# Miles Davis



## Captainnumber36 (Jan 19, 2017)

In A Silent Way, A Tribute to Jack Johnson and Bitches Brew.

Sensational.


----------



## Phil loves classical (Feb 8, 2017)

I don't believe I've heard the 2nd one, but agree the others are great, especially Bitches Brew. In Kind of Blue, the only track that grabs me now is Blue in Green.


----------



## starthrower (Dec 11, 2010)

Jack Johnson features two side long jams. A big favorite of rock fans.


----------



## Bwv 1080 (Dec 31, 2018)

The Second Quintet


----------



## starthrower (Dec 11, 2010)

Bwv 1080 said:


> The Second Quintet


That's my favorite stuff. Although I enjoy the 1963-64 period as well.


----------



## SanAntone (May 10, 2020)

I enjoy each of Miles's periods, except the post-retirement Warner years.


----------



## starthrower (Dec 11, 2010)

I recently got a copy of In Person: Friday Night At The Blackhawk. Apparently Miles wasn't too happy with Hank Mobley's playing but overall it sounds good to me.


----------



## Jay (Jul 21, 2014)

Captainnumber36 said:


> In A Silent Way, A Tribute to Jack Johnson and Bitches Brew.

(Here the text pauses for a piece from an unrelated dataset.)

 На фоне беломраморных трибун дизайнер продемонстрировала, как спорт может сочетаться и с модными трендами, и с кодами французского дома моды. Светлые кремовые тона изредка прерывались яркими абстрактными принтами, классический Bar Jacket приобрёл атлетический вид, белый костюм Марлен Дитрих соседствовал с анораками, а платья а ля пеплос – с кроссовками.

Check _Filles de Kilimanjaro_ next.


----------



## starthrower (Dec 11, 2010)

Jay said:


> Check _Filles de Kilimanjaro_ next.


And the 15 minute opener Stuff, from Miles In The Sky.


----------



## elgar's ghost (Aug 8, 2010)

...and the second half of Water Babies (_Two Faced_ and _Dual Mr. Anthony Tillmon Williams Process_). The CD reissue from the late 90s has a third track from late 1968, Splash, also on the 3-disc _In a Silent Way_ sessions set.


----------



## Shaughnessy (Dec 31, 2020)

Two interesting blog articles -

The Music of Miles Davis and Hank Mobley, Part 1: "Someday My Prince Will Come" (1961)

http://mark-markmywords.blogspot.com/2014/10/the-music-of-miles-davis-and-hank.html

The Music of Miles Davis and Hank Mobley, Part 2: "In Person Friday and Saturday Nights at the Blackhawk" (1961)

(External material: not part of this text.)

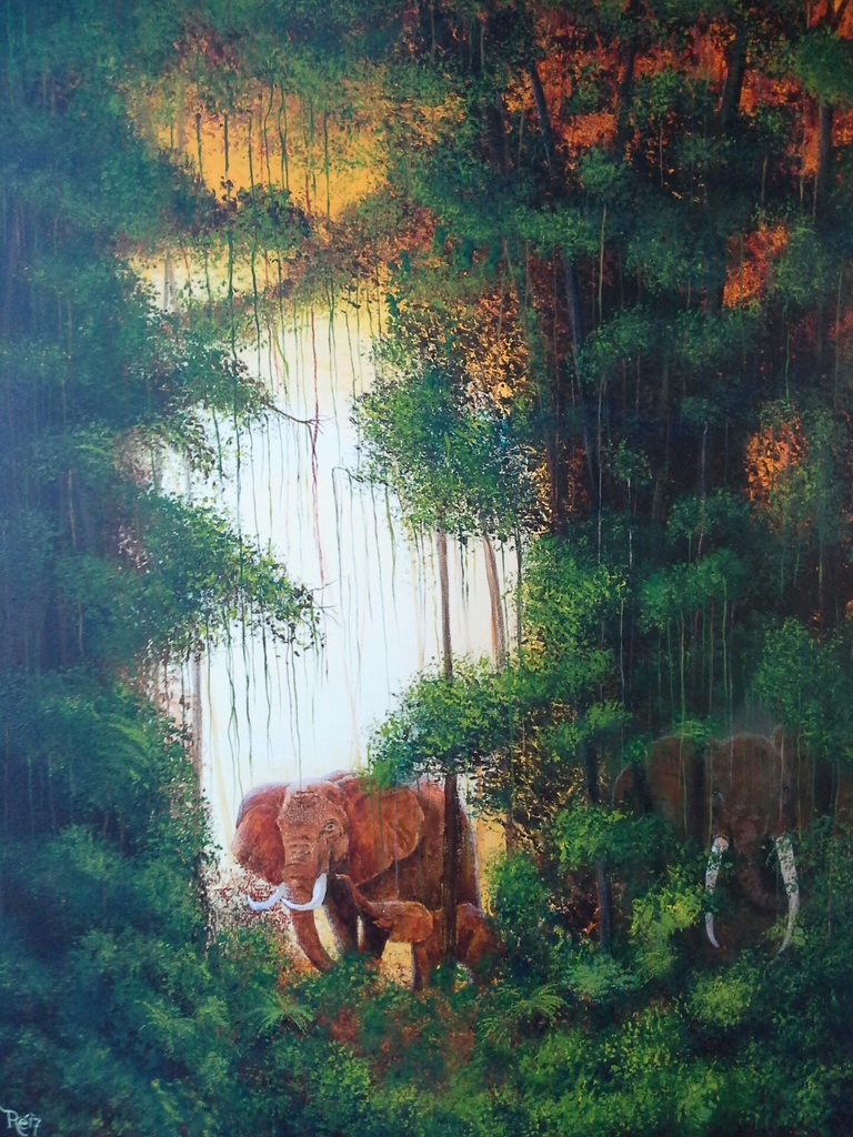 Vandaag in Zorgatelier Eindhoven het volgende schilderwerk af kunnen maken, Olifanten in het woud geschilderd, om je heen vogelgeluiden hier en daar wat geritsel, dan door een openstuk olifanten zo geruisloos als wat.

http://mark-markmywords.blogspot.com/2014/10/the-music-of-miles-davis-and-hank_30.html

Excerpt -

"Davis makes it clear that he wasn't working well with Mobley in his autobiography. Davis writes about driving out to San Francisco for the dates at the Blackhawk in April 1961: "…the music was starting to bore me because I didn't like what Hank Mobley was playing in the band…Playing with Hank just wasn't fun for me; he didn't stimulate my imagination." (Miles: The Autobiography, p.252)

This begs the question: why did Miles Davis hire Hank Mobley? Mobley was a part of some important projects with Davis, the first small group album after "Kind of Blue," Miles's first live recordings to be issued by Columbia, and the Carnegie Hall concert. There must have been a reason Miles hired him, but he doesn't say what it is in his autobiography.

To my ears, Mobley's playing with Davis is not that different from his playing on his own albums of the time. So the question is, if Miles liked Mobley's solo work, why didn't he like what Hank was playing in his group? Or, if Miles didn't care for Mobley's solo work, why did he hire him? I wonder if Wynton Kelly and Paul Chambers recommended Mobley to Davis, as they had worked with Mobley on his two classic 1960 Blue Note albums, "Soul Station" and "Roll Call." That's my guess, that Davis needed a tenor saxophone, Kelly and Chambers recommended Mobley, and Mobley was available and said yes. "


----------



## Shaughnessy (Dec 31, 2020)

This isn't a half-bad article, really... We would probably have 20 different rankings of the 20 albums, though...

Miles Davis's 20 greatest albums - ranked!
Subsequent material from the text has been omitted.